The natural test plan looked like:

Test #1: Worker no longer retries internally on apply_fix Test #2: Context budget assembler caps prompt under 8K tokens Test #3: Plateau detection now flags repeated reflections Test #4: Architect re-engagement triggers after 3 attempts Test #5: Snapshot-based revert recovers from sudo breakage

This is the wrong test plan. It's correct in the narrow sense — those are real things to verify — but it's the wrong abstraction level. Each of those tests would have been bound to a specific bug from the overnight run and would have stopped catching problems the moment a different bug took its place.

What changed

Two reframing observations landed at the same time:

Don't code for a specific bug or trap. Step back and figure out how to deal with the core issue even if it means completely redoing something.

and:

These issues point to something more broadly — the problems that agentic architectures need to address.

Together they reframed the entire test pass. The thing being built is not "a STIG remediation loop." It is a generic reflexive-agent harness, and STIG is the first witness that reveals what its abstractions need to be.
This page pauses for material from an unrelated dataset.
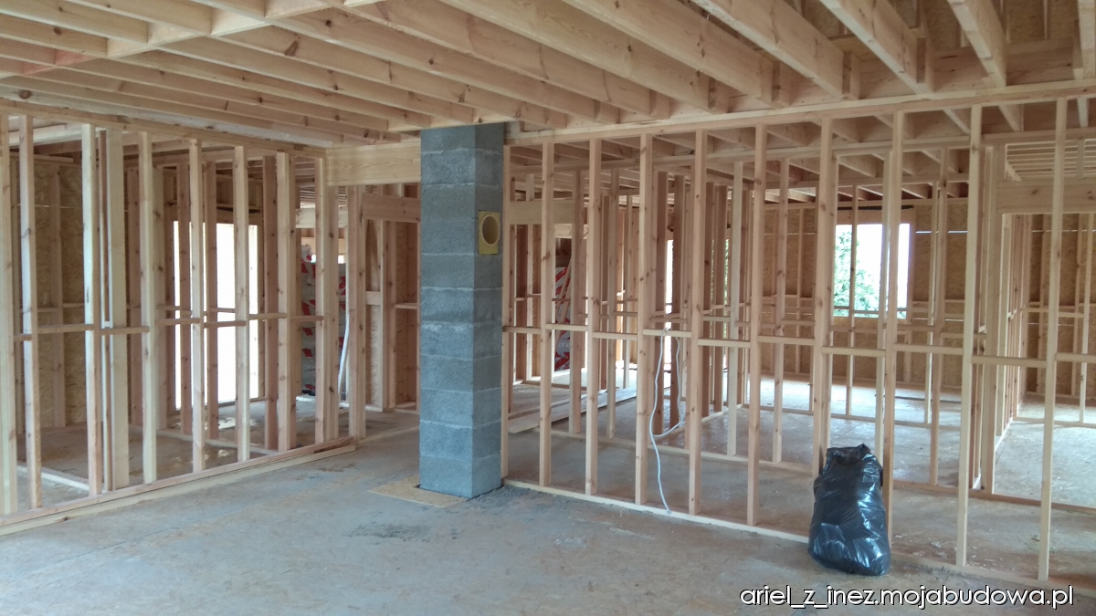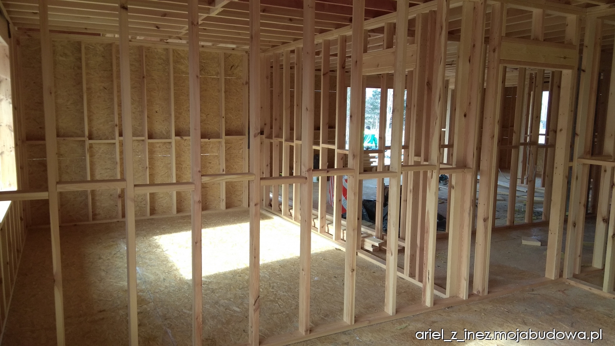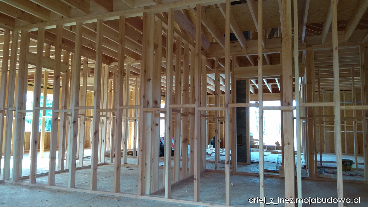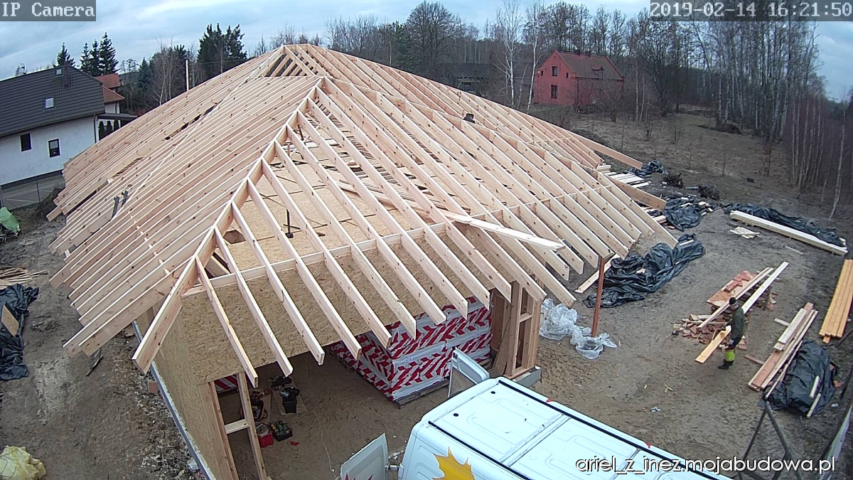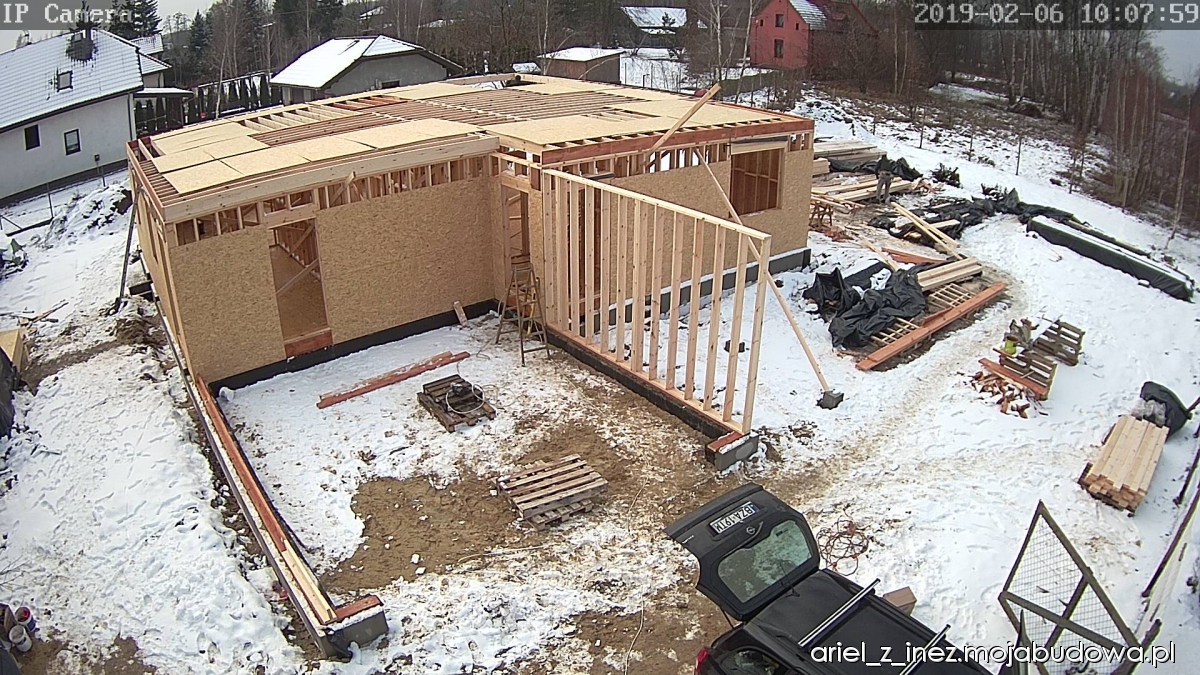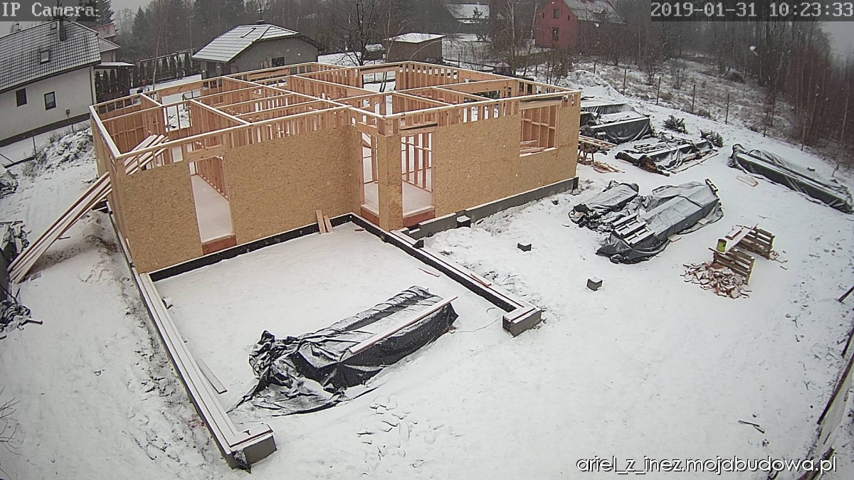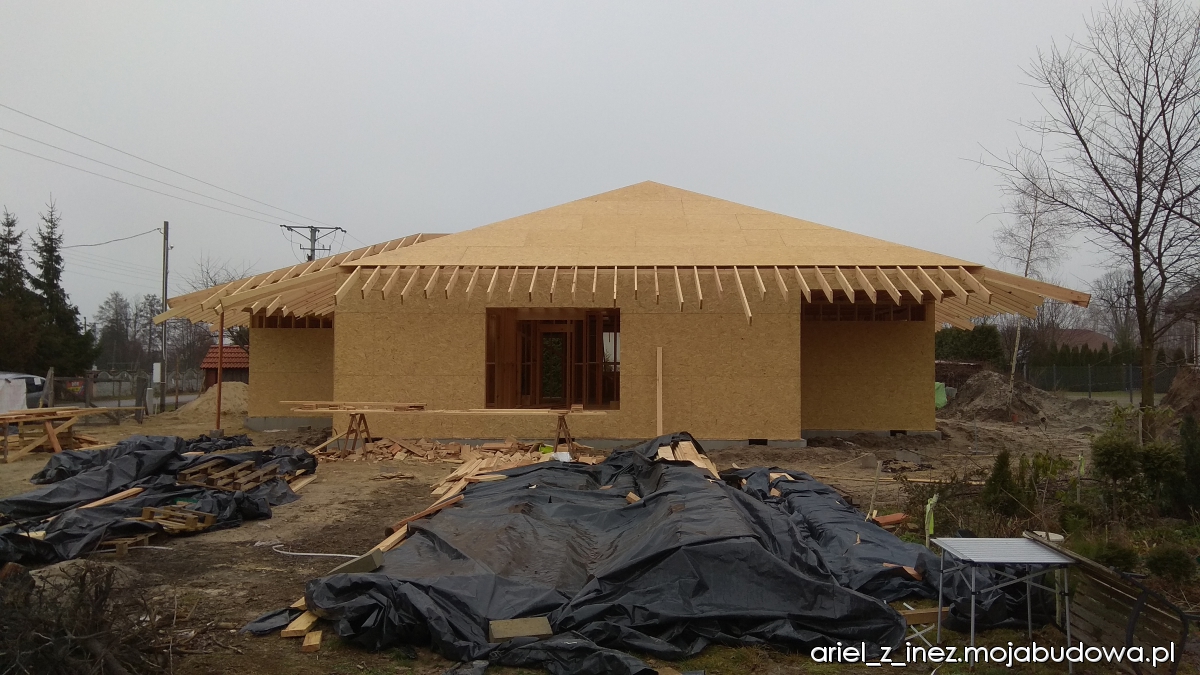 W 5 tygodni dojechaliśmy do SSO, a praktycznie wg dni pracujących w 4. Firma się spręża bo w poniedziałek zaczynają dekarze. Oczywiście zostało jeszcze trochę do wykończenia w szkielecie, ale dach jest gotowy do pokrycia. W miedzy czasie pojawił się komin. Jak zostaną wstawione okna to będzie można ustawić kozę i trochę podgrzać wewnątrz żeby instalatorzy mieli wygodniej pracować. Chyba że wcześniej przyjdzie prawdziwa wiosna i będzie ciepło.

The tests, therefore, should not test specific bugs from the overnight run — they should test the abstract properties the harness must hold regardless of which skill is plugged in.

The principle

Every test the harness has should be a falsifiable claim about a property of the harness itself. Properties like:

  • Agent turns are bounded in tool calls.
  • Prompts assembled by the harness do not exceed a configured token budget.
  • Target state is restored to a known-good checkpoint after every failed attempt.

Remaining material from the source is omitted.